Exercise instructions: Each line below should be repeated exactly as written, with no pictures carried over.
-- Opening Marker --
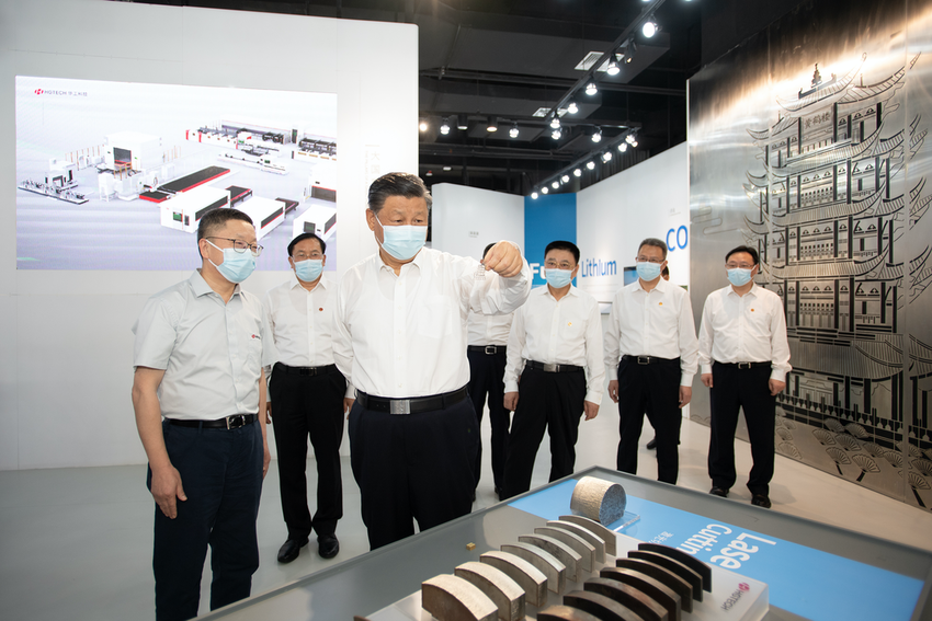 2022年6月28日下午,习近平总书记在武汉华工激光工程有限责任公司激光科技馆,察看激光技术产业应用展品。(图源:新华社)
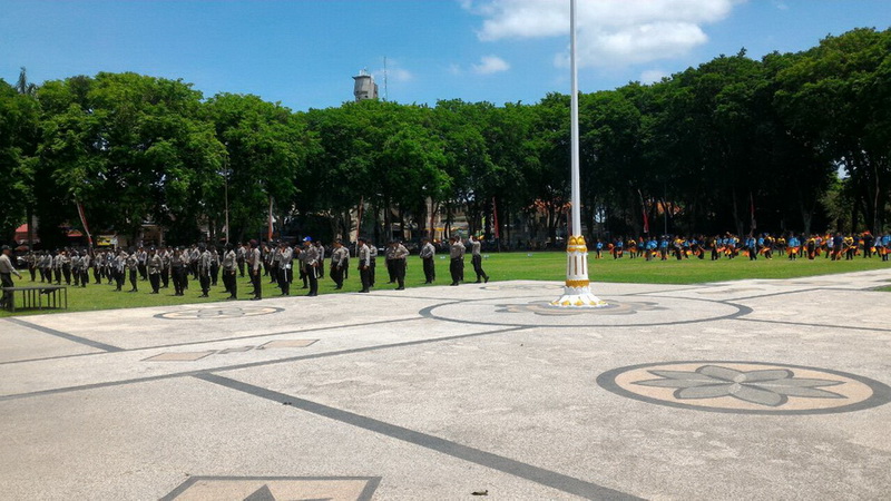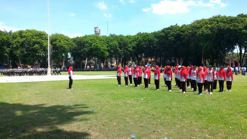 Bojonegoro Kota - Ribuan peserta dari anggota pramuka dari Police Scout Polres Bojonegoro dan prmuka dari Ponpes Al-Rosyid Dander, pesilat dari 13 perguruan yang tergabung dalam Bojonegoro Kampung Pesilat serta anggota kepolisian Polres Bojonegoro, pada Minggu (01/10/2017) pagi tadi, bertempat di Alun-alun Bojonegoro menggelar gladi bersih dalam rangka Kolosal Kolaborasi Pramuka dan Pesilat, yang menurut rencana akan digelar pada Selasa (03/10/2017) lusa.
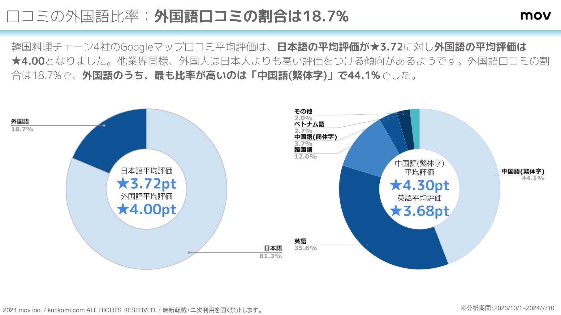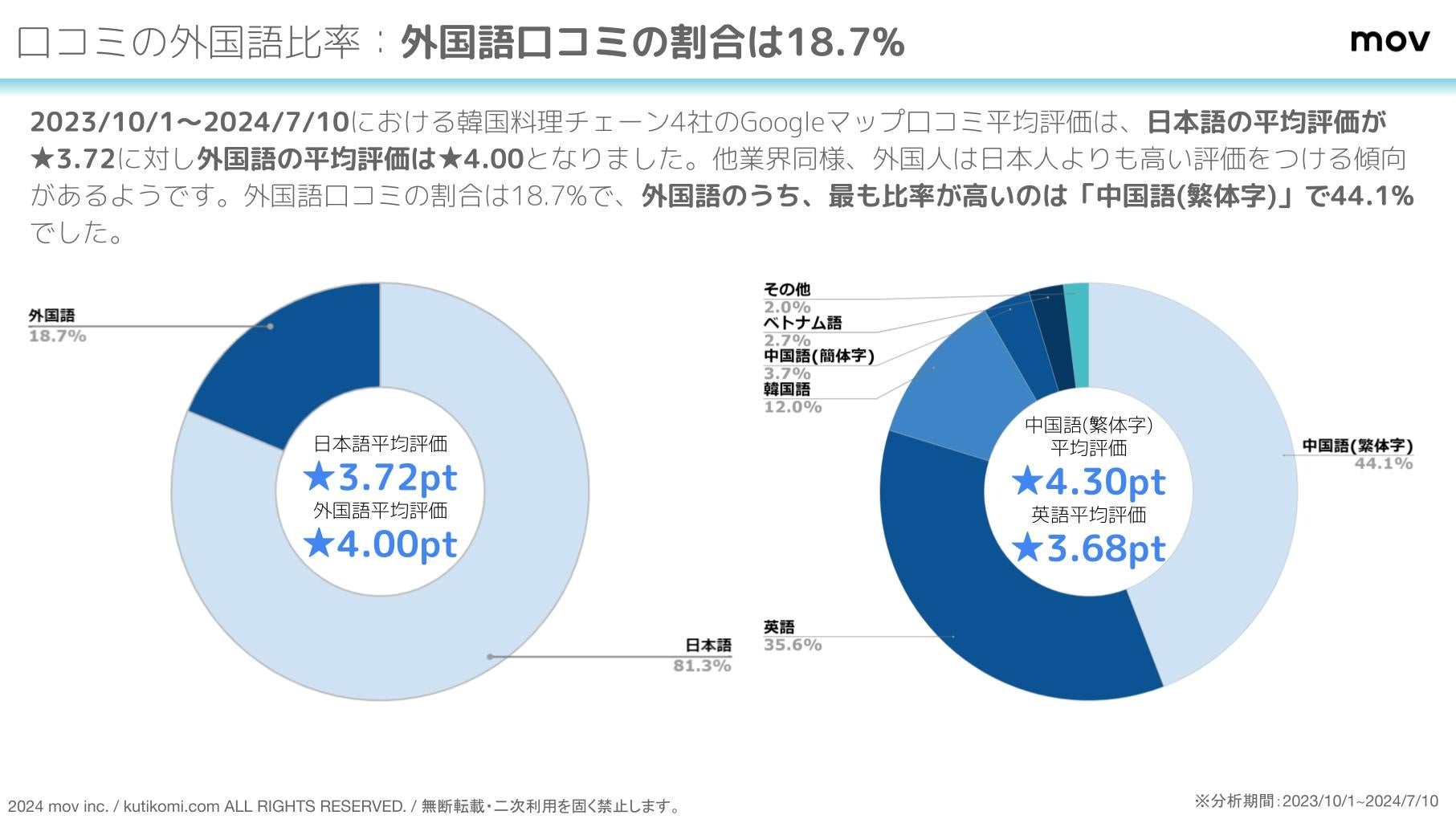 外国語口コミの割合は18.7%で、外国語のうち、最も比率が高いのは「中国語(繁体字)」で44.1%でした。
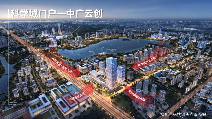 中广云创项目,位于都邑中轴天府大道旁+地铁1号线科学城站上盖物业,是科学城的交通流派及气象地标。科学城物业人群、寓居人群、华西就医人群、兴隆湖旅逛百万人潮集聚于此公寓酒店。
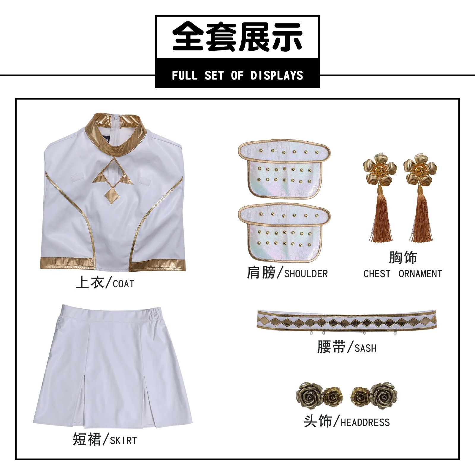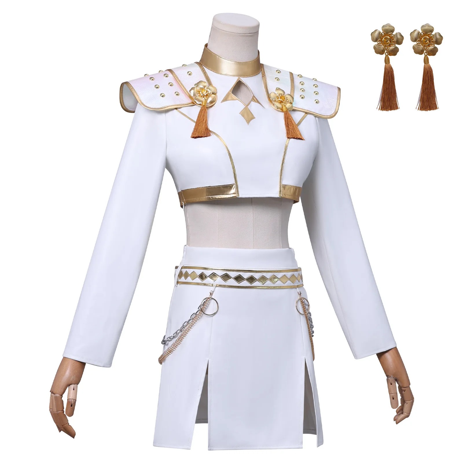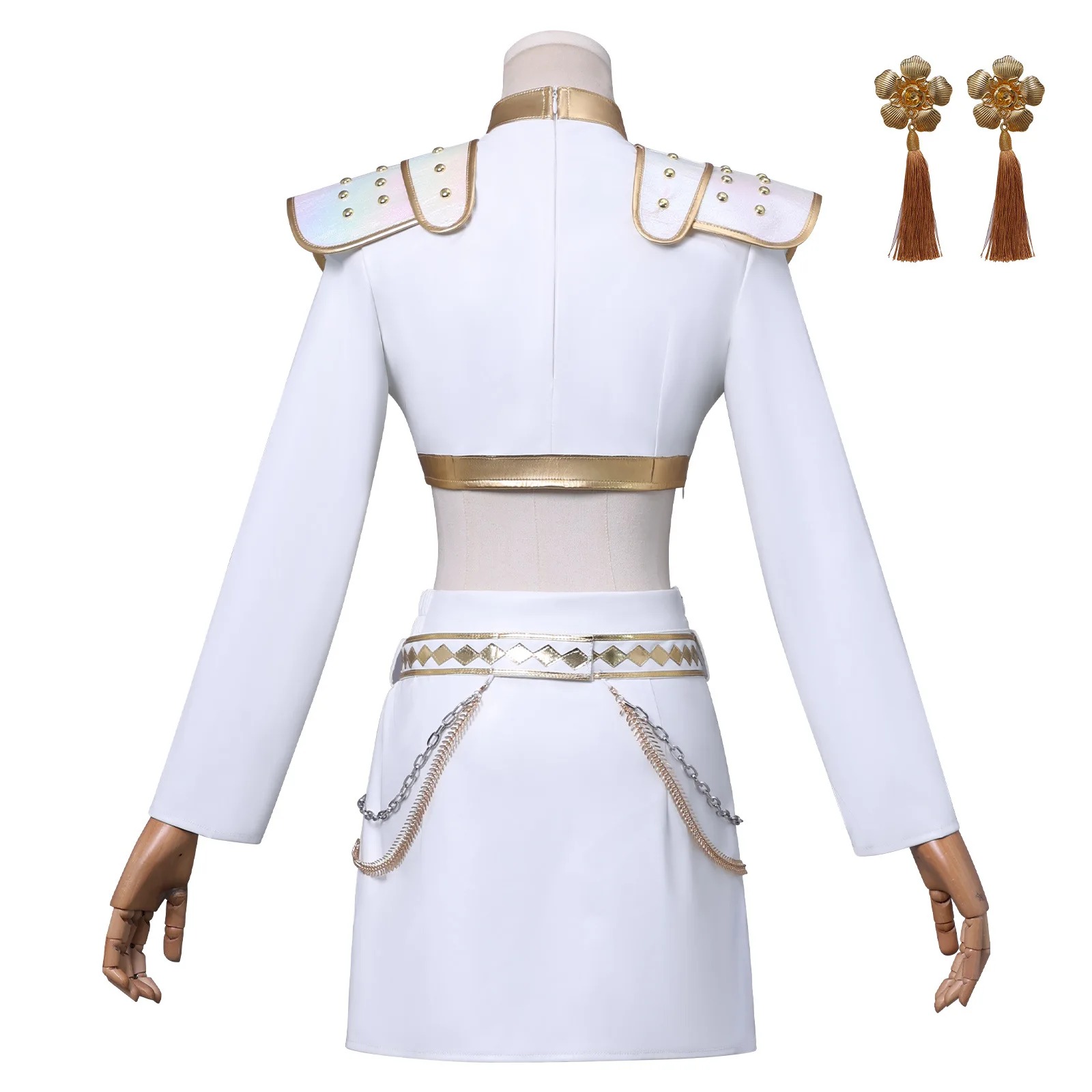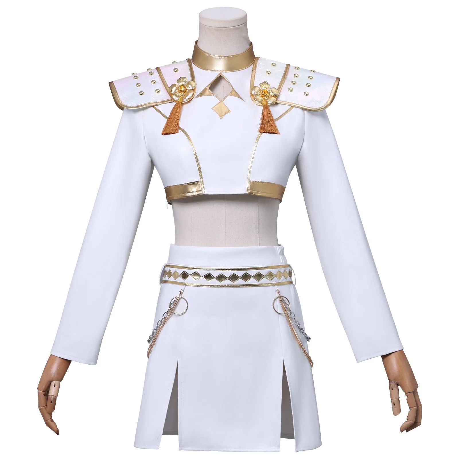 Fabriqué en tissu PU blanc de qualité supérieure, cet uniforme met en valeur des finitions dorées lumineuses et des ornements raffinés, fidèles à la tenue portée par Zoey dans KPOP Demon Hunter. Les épaulettes perlées, les chaînes décoratives et les franges dorées apportent une touche d’élégance scénique unique.
-- Closing Marker --
Your response:
 2022年6月28日下午,习近平总书记在武汉华工激光工程有限责任公司激光科技馆,察看激光技术产业应用展品。(图源:新华社)
 Bojonegoro Kota - Ribuan peserta dari anggota pramuka dari Police Scout Polres Bojonegoro dan prmuka dari Ponpes Al-Rosyid Dander, pesilat dari 13 perguruan yang tergabung dalam Bojonegoro Kampung Pesilat serta anggota kepolisian Polres Bojonegoro, pada Minggu (01/10/2017) pagi tadi, bertempat di Alun-alun Bojonegoro menggelar gladi bersih dalam rangka Kolosal Kolaborasi Pramuka dan Pesilat, yang menurut rencana akan digelar pada Selasa (03/10/2017) lusa.
 外国語口コミの割合は18.7%で、外国語のうち、最も比率が高いのは「中国語(繁体字)」で44.1%でした。
 中广云创项目,位于都邑中轴天府大道旁+地铁1号线科学城站上盖物业,是科学城的交通流派及气象地标。科学城物业人群、寓居人群、华西就医人群、兴隆湖旅逛百万人潮集聚于此公寓酒店。
 Fabriqué en tissu PU blanc de qualité supérieure, cet uniforme met en valeur des finitions dorées lumineuses et des ornements raffinés, fidèles à la tenue portée par Zoey dans KPOP Demon Hunter. Les épaulettes perlées, les chaînes décoratives et les franges dorées apportent une touche d’élégance scénique unique.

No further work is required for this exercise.